Technology, Media & Telecom
Advertising Market Growth Unable To Keep Up With Strong GDP

Feb. 07 2019 — Cable and broadcast are losing their dominance in the viewing world. As more eyeballs migrate to online and mobile viewing, major media companies are struggling to adopt a common measurement system. Their goal is to track and consolidate the leaked viewers who have been switching first from analog, with a full ad load, to DVR, which lets them skip ads, and now to digital with limited or no advertising.

Click here for advertising market projections in Excel format.

The business models of the online services differ, with the majority of viewers still watching ads, albeit in much smaller pods. Others have voted with their wallets, paying a premium to view content on Hulu and other platforms without any advertising at all. Hulu with ads is only $5.99, while the subscription without ads is twice the price at $11.99. Clearly, viewers are willing to pay a premium for the privilege of not having to watch ads.

Although the broadcast networks have been somewhat flat for some time, the cable network industry has only recently had to cope with the reality that its heyday is over. After decades of showing strong single- or double-digit growth, cable networks have seen growth slow over the past five years to a range of just 3% to negative 1%.

A number of issues have been impacting cable networks, most notably cord cutting and cord shaving, with companies that are big in the children's market suffering disproportionately. Viacom Inc. was the first to show significant weakness: Gross ad revenue at its behemoth Nickelodeon peaked at nearly $1.3 billion in 2010 and 2011, then dropped to $1.10 billion in 2012. Nickelodeon's average 24-hour rating slipped from 1.44 in 2011 to 1.13 in 2012.

The company recovered slightly to a 1.2 rating in 2013 but has struggled significantly since then, with its overall rating at just 0.74 in 2017.

Parent company Viacom posted zero to negative ad revenue growth from the second quarter of 2014 all the way through the third quarter of 2018, an unprecedented negative run.

By contrast, the other cable network owners posted mixed results, but none have been as consistently negative as Viacom. The timing of big sporting events, especially the Olympics, contributes to much of the volatility at the various networks.

Broadcast and cable combined, including both local and national spots, increased ad revenue market share from 24% in 1988 to 32% in 2018. This was a strong showing given that cable alone rose from a less than 2% share in 1988 to almost 15% in 2018.

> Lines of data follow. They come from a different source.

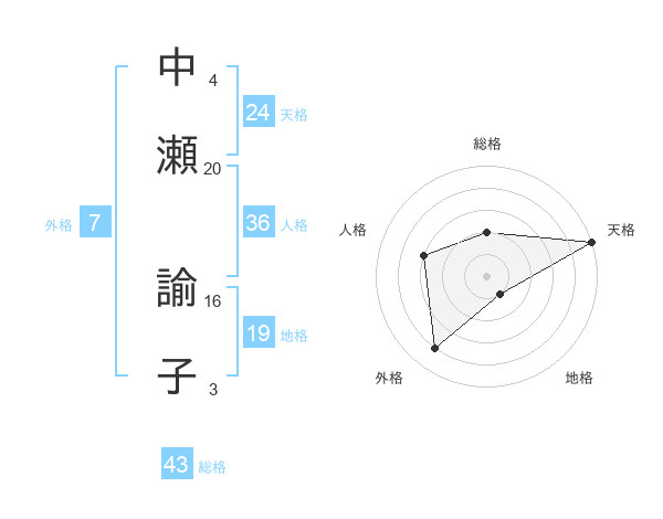 中瀬 諭子さんの天格は24画の5点!
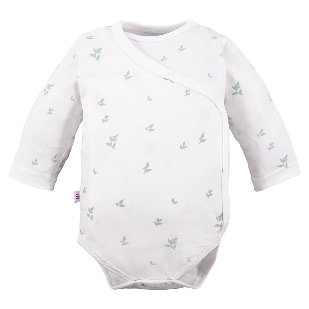 Weißer Langarm-Wickelbody mit zarten grünen Blättern ist eine funktionale und bequeme Wahl für Babys in den ersten Monaten. Das dezente Blättermuster verleiht dem Body einen freundlichen und eleganten Charakter.
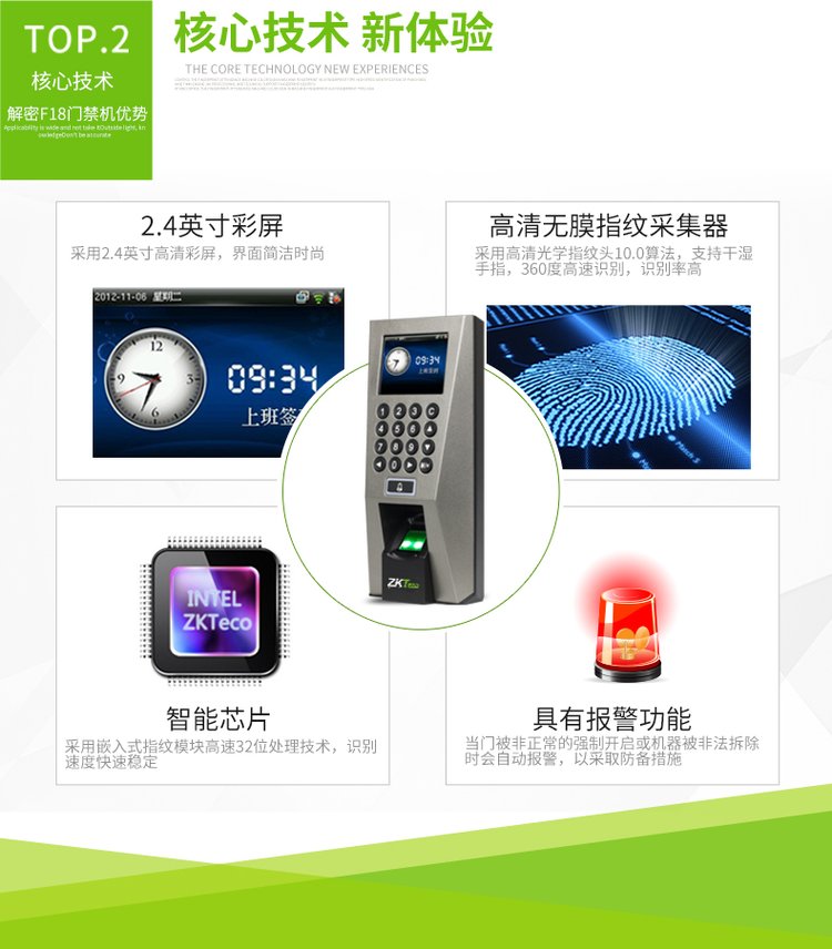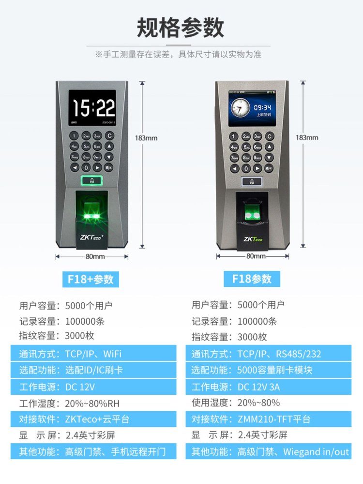 中控智慧熵基科技F18指纹密码ID/IC卡管理智能门禁考勤一体机套装 品牌 | 中控 | ||

Overall, the ad market has continued to grow, mostly due to the popularity of digital spots. However, growth in the U.S. advertising market has been unable to maintain its historical trend of growing in lockstep with the gross domestic product, equating to approximately 2% of GDP.

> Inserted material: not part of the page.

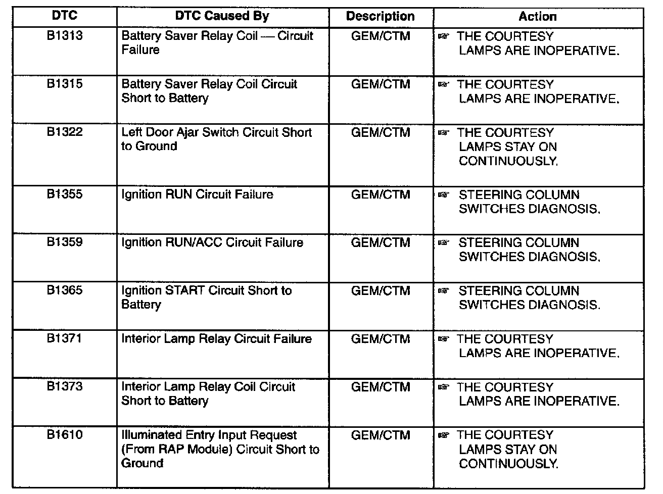 DTC B1313 - B1610:
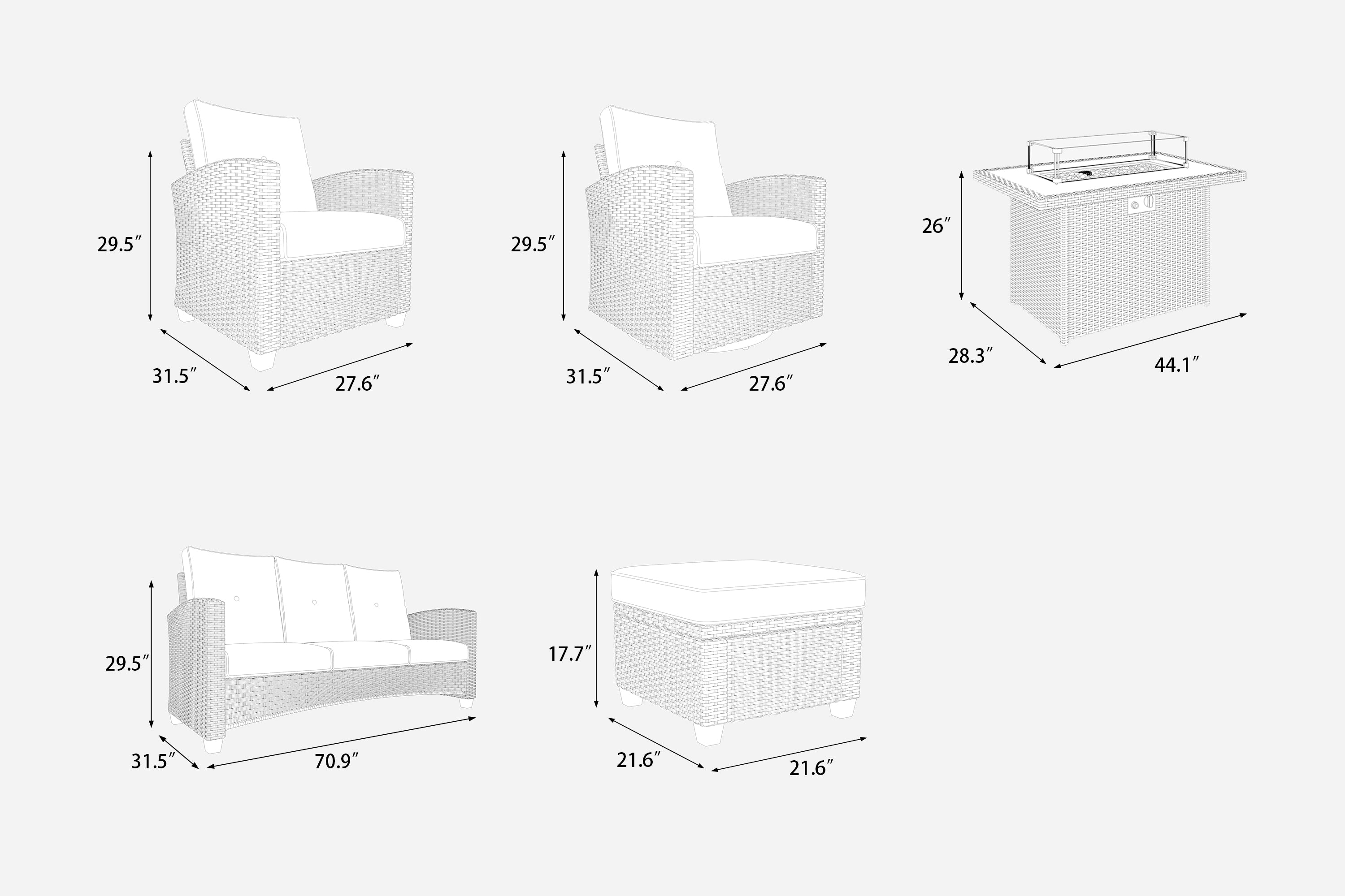 • Come with 44 inch Propane Gas Fire Table (propane tank not included).

Its share of GDP was generally in that range until the Great Recession, which pushed that metric from 1.8% in 2007 to 1.6% in 2008 and to 1.4% in 2009. In 2017, we estimate this fell as low as 1.2% with no sign that it can recover to the 2.0% range.

Although the growth of digital has been positive for the ad industry, there have been many less encouraging stories, particularly related to print, which shrank from 67.4% of the market in 1988 to just 41.1% in 2018.

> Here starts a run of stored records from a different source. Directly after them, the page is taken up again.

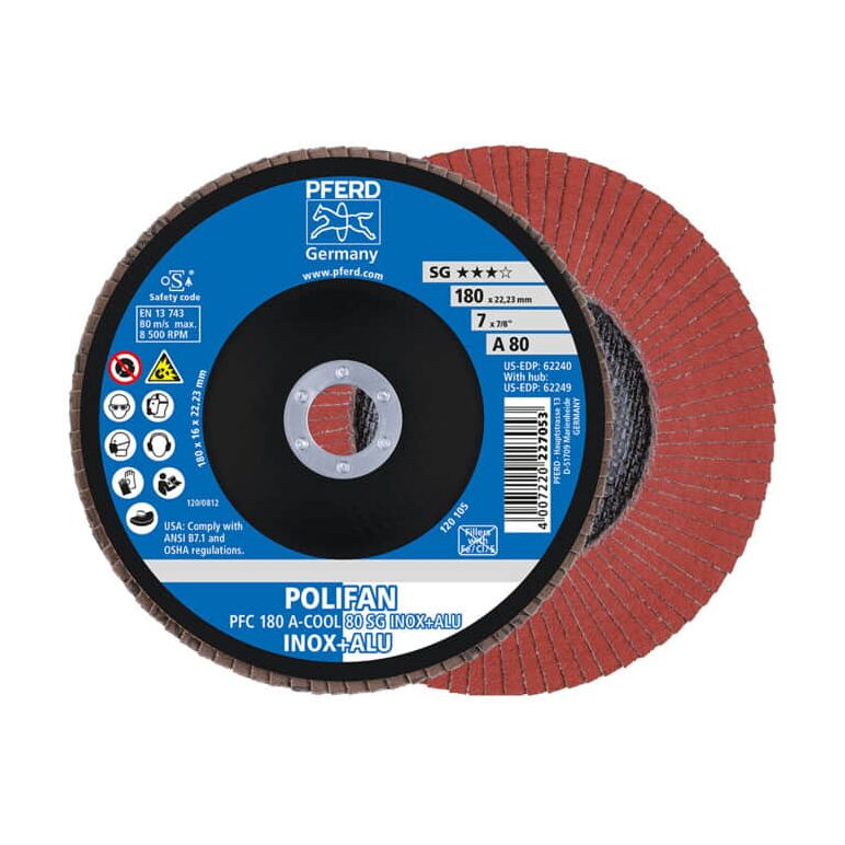 PFERD 67758185PFC 180 A-COOL 80 SG INOX+ALU Fächerschleifscheibe Durchmesser 180mm Bohrungs-Ø 22.2
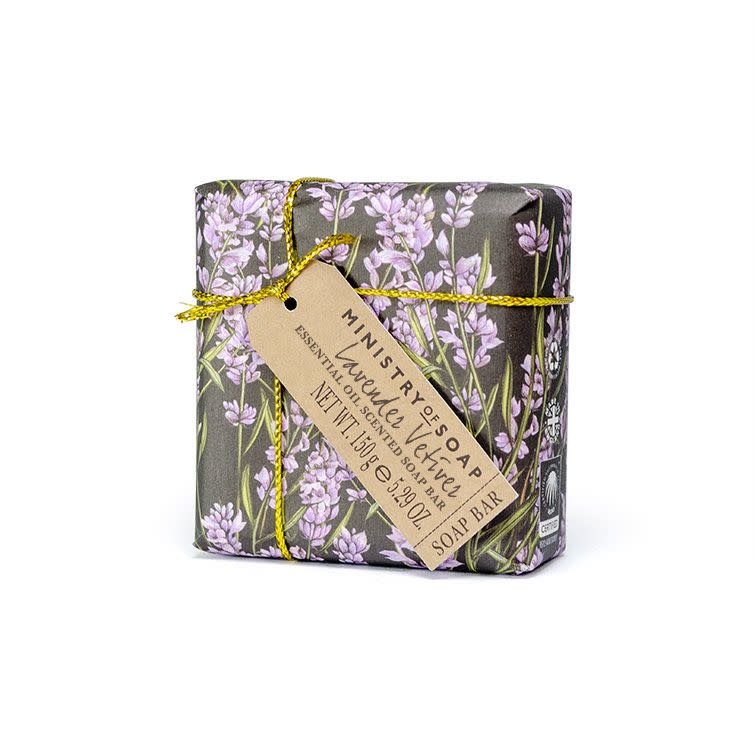 Cette barre de savon à triple broyage de couleur naturelle est mélangée à de l'huile essentielle de lavande et de vétiver. Le design opulent combine des couleurs vives avec des fleurs de lavande. Emballage cadeau et fil d'or
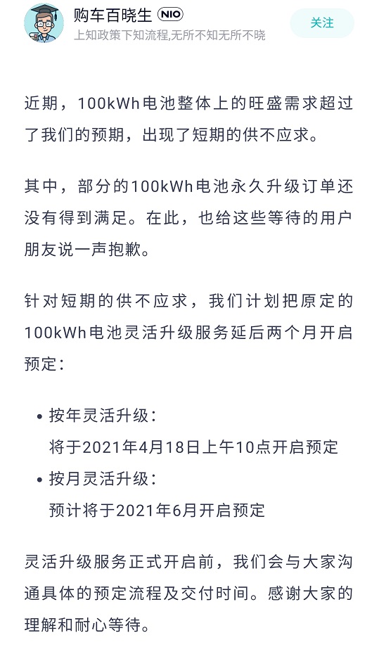 也正因如此,灵活升级方案一经发布,就迅速引发了用户的讨论,而从最终结果来看,蔚来还是远远低估了实际终端的需求。因为,就在一天以前,蔚来官方App发布消息称,由于100kWh电池组出现了短期的供不应求,所以原定的“100kWh电池灵活升级服务”将延后两个月开启预定。
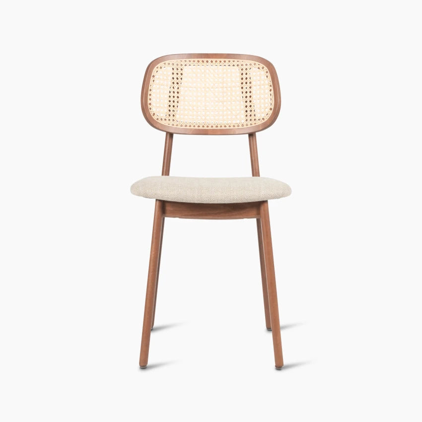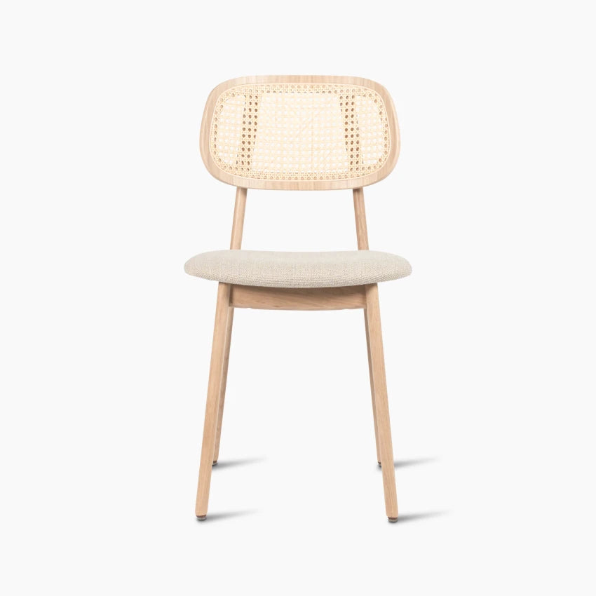 Een verfijnde eetkamerstoel met prachtig geweven canage, een beuken frame en zacht zitje. De Titus stoel voegt een design statement toe aan ieder interieur. Afmetingen: hoogte: 84 cm - breedte: 44 cm - diepte: 51 cm Materiaal : stof / Beuk / canage

Even after this dramatic shift over several decades left print with a much smaller base, all forms of print continue to struggle. Although the numbers below for the print sector do not include their digital operations, few companies have been able to offset the decline in traditional media with online initiatives.

Much of their revenue has been devoured by the usual internet giants such as Alphabet Inc.'s Google LLC and Facebook Inc. Even companies with disruptive business models targeting the younger generation, such as VICE Media LLC, have struggled.

We do not expect this to change much in our five-year outlook, although digital is certainly entering a mature phase. In 2023, we expect satellite radio to be growing the fastest, albeit from a much smaller base, and digital — although still in the No. 2 spot — is expected to grow at only 4.1% per year, down significantly from the 10.9% growth rate we expect for 2019.

Print is expected to continue to struggle, with Yellow Pages hit the hardest, declining at more than 16% per year. We do not expect most of these paper directories to survive over the long term, with the exception of those with very narrow niche audiences, such as small directories delivered to hotels in resort towns.

Digital has had remarkable progress, with a CAGR of 16.8% from $22.65 billion in 2009 to $91.89 billion in 2018. In sharp contrast, direct mail, the largest ad category in 2009, shrank from $44.50 billion in 2009 to $37.50 billion in 2018. The CAGR of decline has been modest at negative 1.9%.

Direct mail is now in third place with market share of 14.7% in 2018 versus 22.3% in 2009, behind digital at 35.9% and cable TV at 14.8%. The biggest slides occurred in Yellow Pages, which have fallen at a CAGR of negative 19.7% from a 5.5% share in 2009 to less than 1% in 2018; and daily newspapers, which contracted at a negative 11.8% CAGR from 12.4% in 2009 to 4.0% in 2018.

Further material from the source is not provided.